BEGIN Data provided

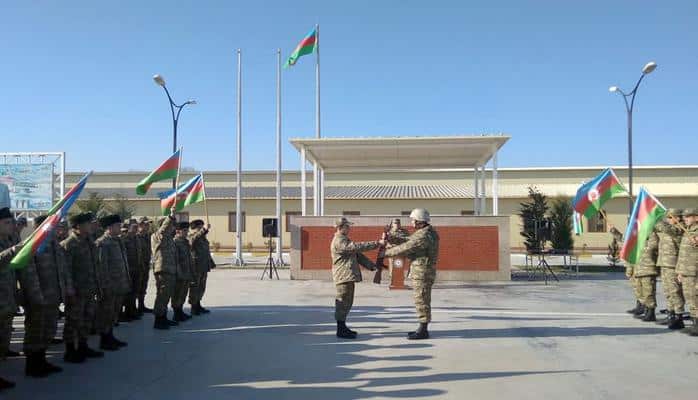 Sonra xidmət müddəti başa çatmış hərbi qulluqçular döyüş növbətçiliyini qəbul edən gənc əsgər yoldaşlarına rəmzi olaraq silah, zirehli jilet və dəbilqələri təqdim ediblər. Gənc əsgərlər uğurla, Vətənə şərəflə xidmət edəcəklərinə, torpaqlarımızın keşiyində ayıq-sayıq dayanacaqlarına söz veriblər.
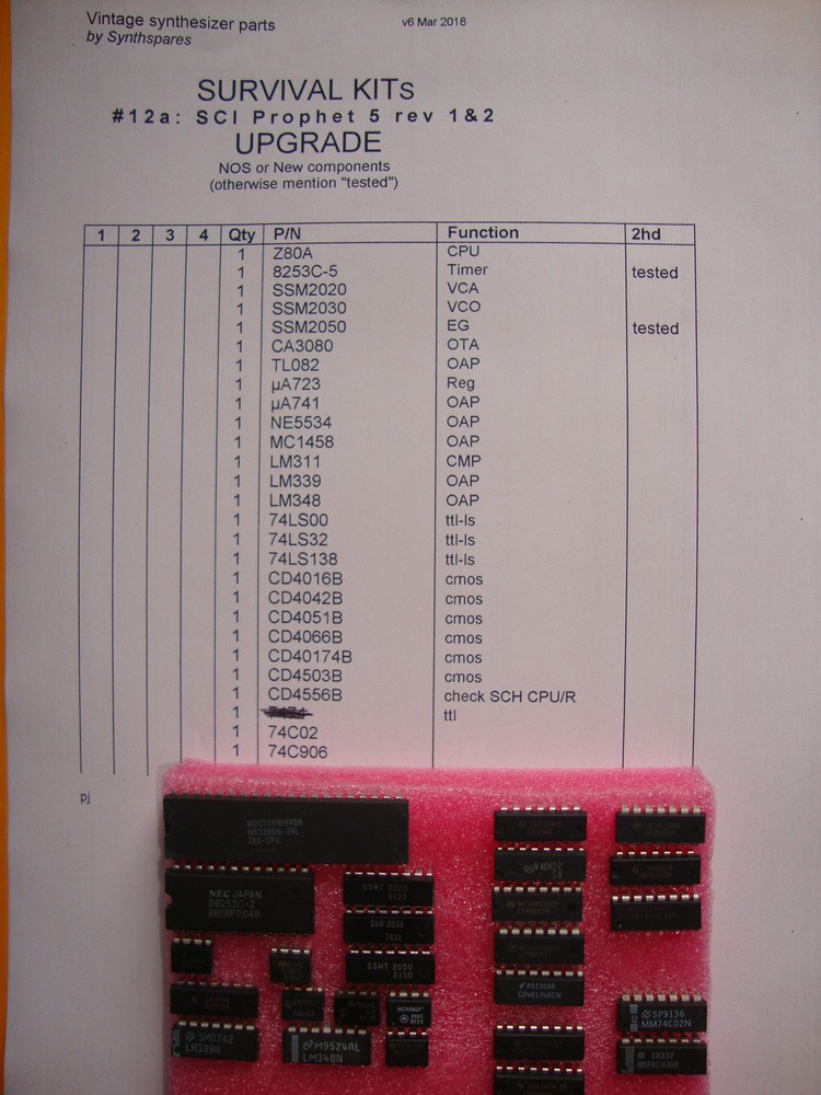 *** Survival kit for SCI Prophet 5 rev 1/2*** from synthspares (kit N° 12a) Plenty of Integrated Circuits useful to service your instrument ___ VCA: SSM2020, VCO: SSM2030, EG: SSM2050, CPU, TTL, CMOS, Linear ICs and more ___ ICs are brand new / NOS / 2nd hand tested ___ See pict for detail ___ The date code can be different from those of the photos ___ Shipment tracked & insured
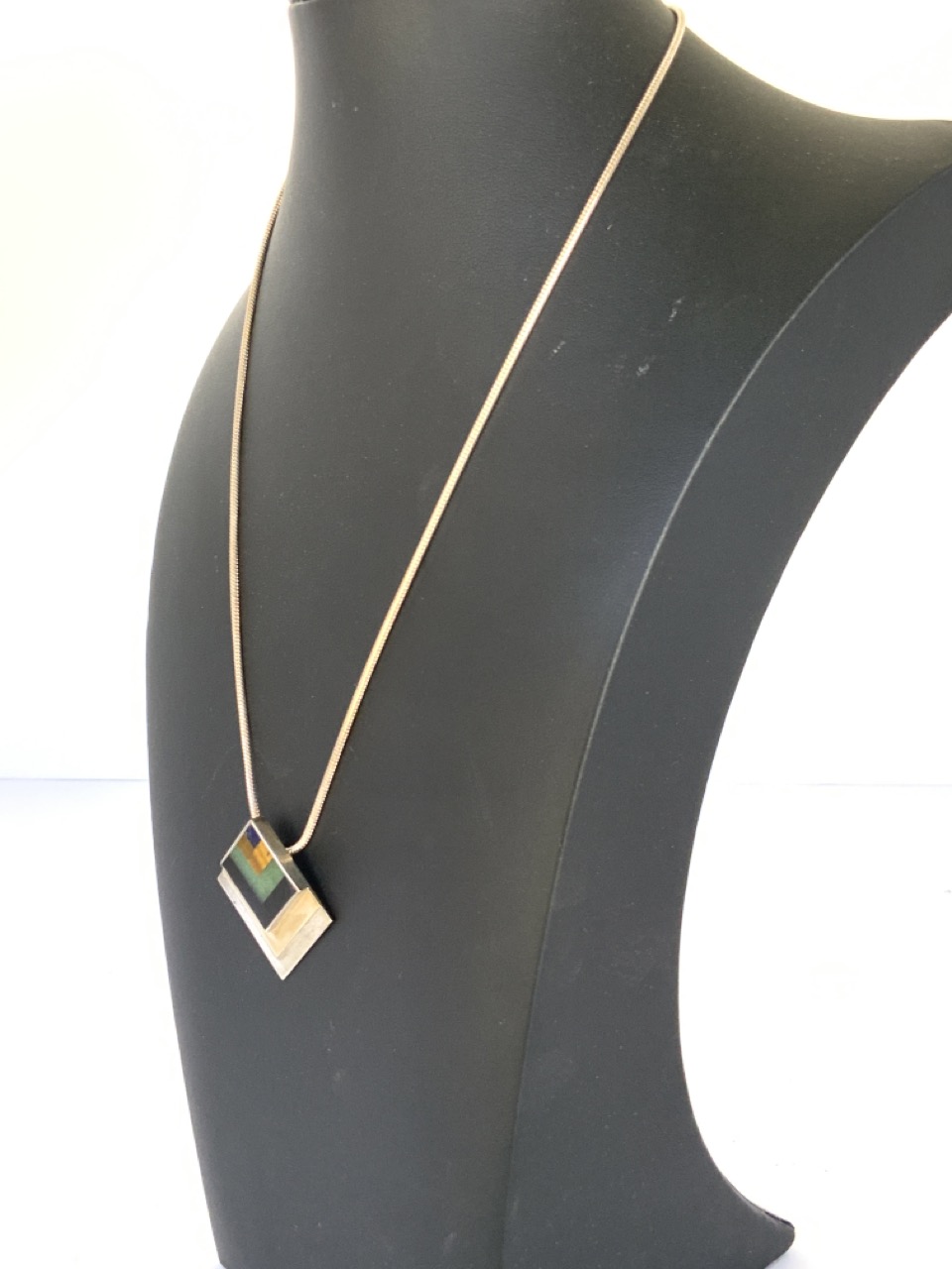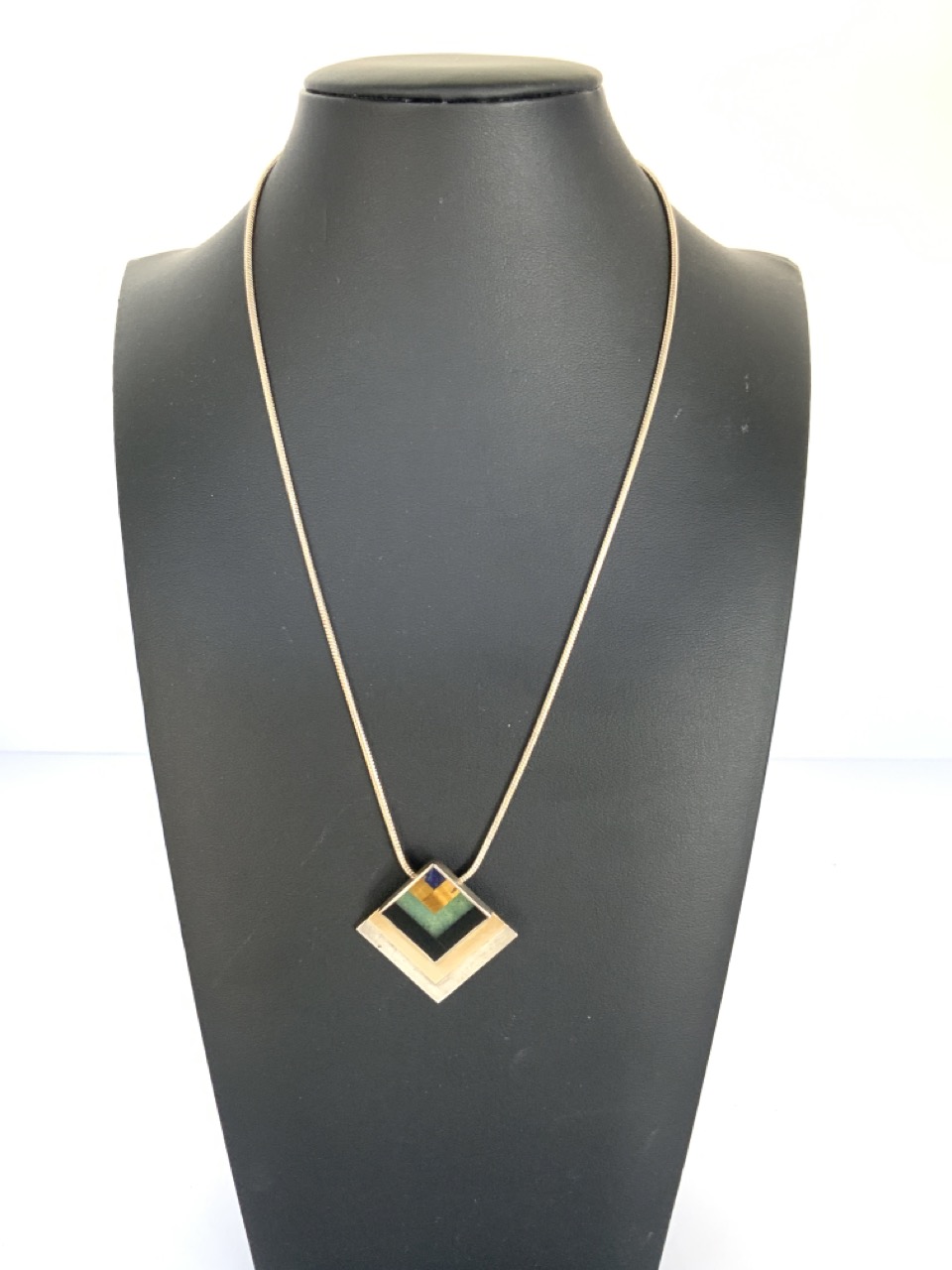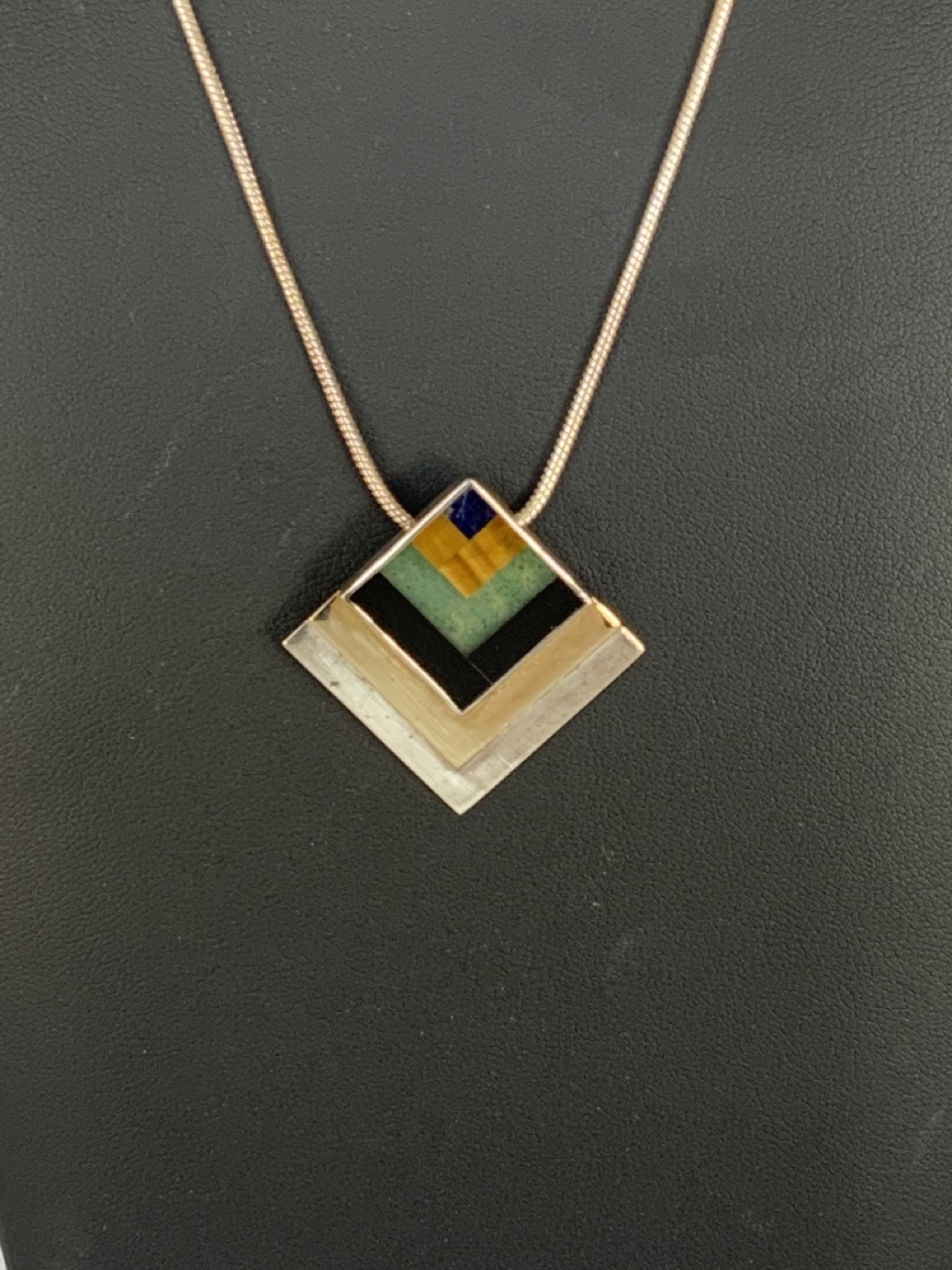 M&J Savitt sterling silver and 14k gold malachite, lapis, cat's eye and onyx pendent necklace in a 1980's pyramid design.

END Data provided

What you have to do: Omitting all pictures, set the listing down exactly.

Answer to this task:
 Sonra xidmət müddəti başa çatmış hərbi qulluqçular döyüş növbətçiliyini qəbul edən gənc əsgər yoldaşlarına rəmzi olaraq silah, zirehli jilet və dəbilqələri təqdim ediblər. Gənc əsgərlər uğurla, Vətənə şərəflə xidmət edəcəklərinə, torpaqlarımızın keşiyində ayıq-sayıq dayanacaqlarına söz veriblər.
 *** Survival kit for SCI Prophet 5 rev 1/2*** from synthspares (kit N° 12a) Plenty of Integrated Circuits useful to service your instrument ___ VCA: SSM2020, VCO: SSM2030, EG: SSM2050, CPU, TTL, CMOS, Linear ICs and more ___ ICs are brand new / NOS / 2nd hand tested ___ See pict for detail ___ The date code can be different from those of the photos ___ Shipment tracked & insured
 M&J Savitt sterling silver and 14k gold malachite, lapis, cat's eye and onyx pendent necklace in a 1980's pyramid design.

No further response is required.